Historical Women’s Portraits

December 29, 2015

Until 28 March, 2016, the Museum für Kunst und Gewerbe Hamburg, Germany, puts art photography from 1900 on display that shows rather other-worldly beings than female faces.
Until 28 March, 2016, the Museum für Kunst und Gewerbe Hamburg, Germany, puts art photography from 1900 on display that shows rather other-worldly beings than female faces.

Madonna, mother, fairy, luminous figure with halo, princess with jewel-studded coronet – these are a few of the roles turn-of-the-century photographers assigned to women of their time. Under the heading “portrait”, the international art photography movement assembled images completely different from those made by studio photographers for their paying customers. The art photographers aspired neither to produce real studies nor to show contemporary women in the changing world of industrialization.
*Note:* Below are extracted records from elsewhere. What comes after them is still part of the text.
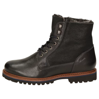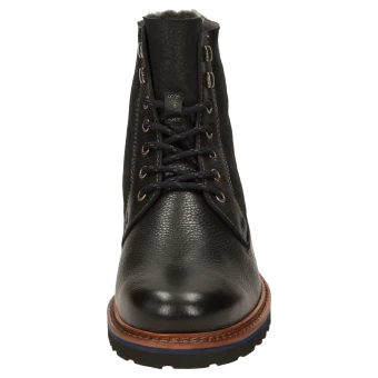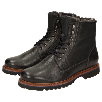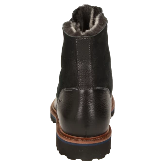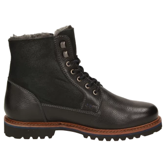 Bottine d’hiver de forme large H et doublure douillette en fourrure d’agneau pour les jours de grand froid : Botte à lacets pour homme combinant cuir de veau à l’aspect rustique et cuir velours d’agneau avec semelle intérieure amovible revêtue de feutre – adaptée également aux semelles orthopédiques. La semelle profilée en caoutchouc confère à la chaussure un bon confort de marche. Parfaite pour tout ceux qui apprécient le confort !
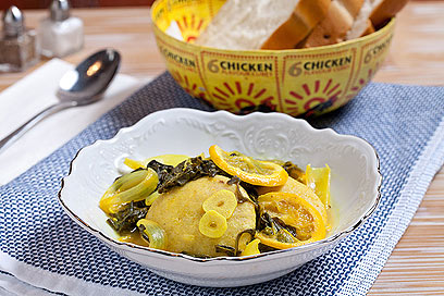 - מוסיפים את עלי המנגולד, עלי הסלרי הקצוצים ופרוסות הלימון. משפרים תיבול ומביאים לרתיחה שניה.
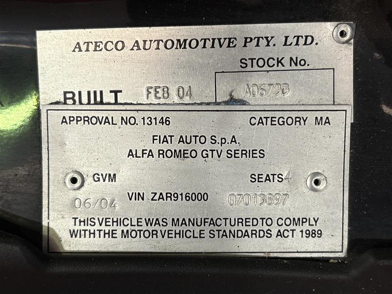 2004 Alfa Romeo GTV 1631 Twin Spark Year: 2004 Make: Alfa Romeo Model: GTV Series: 1631 Badge: Twin Spark Body: 2-Door Coupe Drive Type: Front wheel drive Odometer: Indicating 168,549 Kilometers Engine: 2.0 I4 Petrol Transmission: 5-Speed Manual Colour: Black Seats: 4 Description/extras: Air Conditioning, Power windows, SRS, Tinted windows, Leather interior, Central locking, CD player, Log books/Owners manual. Alfa Romeo GTV 2.0 JTS Facelift Vendor advises the vehicle has recently undergone extensive maintenance, including a timing belt replacement, new clutch and gearbox installation, replacement of shock absorbers and brakes, as well as repairs to the fuel system and body. Reported to be one of only three known examples in Western Australia. Price Guide - $12,000 - $18,000 (Based on Unmodified Vehicle) VIN: ZAR91600007013897 ENG No: 937A10003838619 Motor Dealer Licence # MD27332 #PCV (Key #PCLV1) Lloyds stock #1031374+1
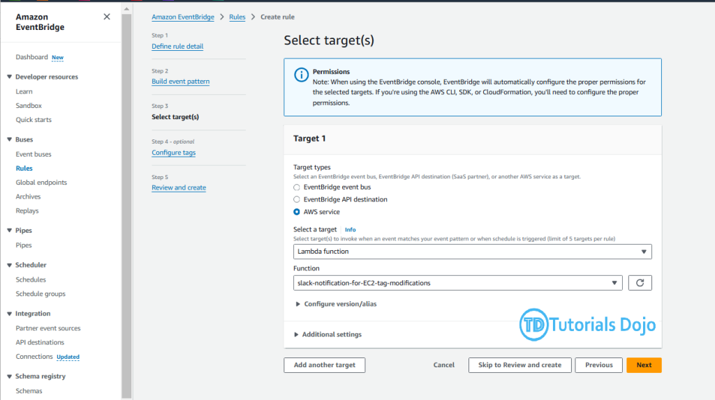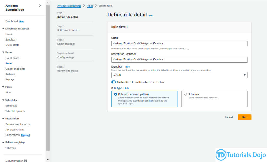 Step 3: Go to Amazon EventBridge, under Buses, choose Rules, then click “Create rule“.
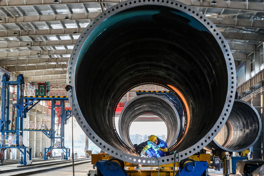 11月20日,在甘肅省酒泉經濟技術開發區的中國水電四局(酒泉)新能源裝備有限公司塔筒制造車間,工作人員進行風機塔筒焊接作業。新華社記者 郎兵兵 攝

Instead, in their works they envisioned spherical figures whom they staged as other-worldly beings.

The exhibition 'From Mary to Salome: The Photography Department in Context' features some thirty works by well-known photographers of Germany and beyond, dating from the period around 1900: James Craig Annan, Emma Boaz Barton and Julia Margaret Cameron (Great Britain), Adolphe de Meyer, Robert Demachy and Pierre Dubreuil (France), Minya Diez-Dührkoop, Rudolph Dührkoop and Hugo Erfurth (Germany), Atelier d'Ora (Austria) and Annie W. Brigman, Felix Benedict Herzog, Gertrude Käsebier and Clarence Hudson White (USA).

Accompanying program:
Thursday, 21 January 2016, 7 pm
Tour through the exhibition with the curators Dr. des. Esther Ruelfs und Sven Schumacher, Sammlung Fotografie und neue Medien.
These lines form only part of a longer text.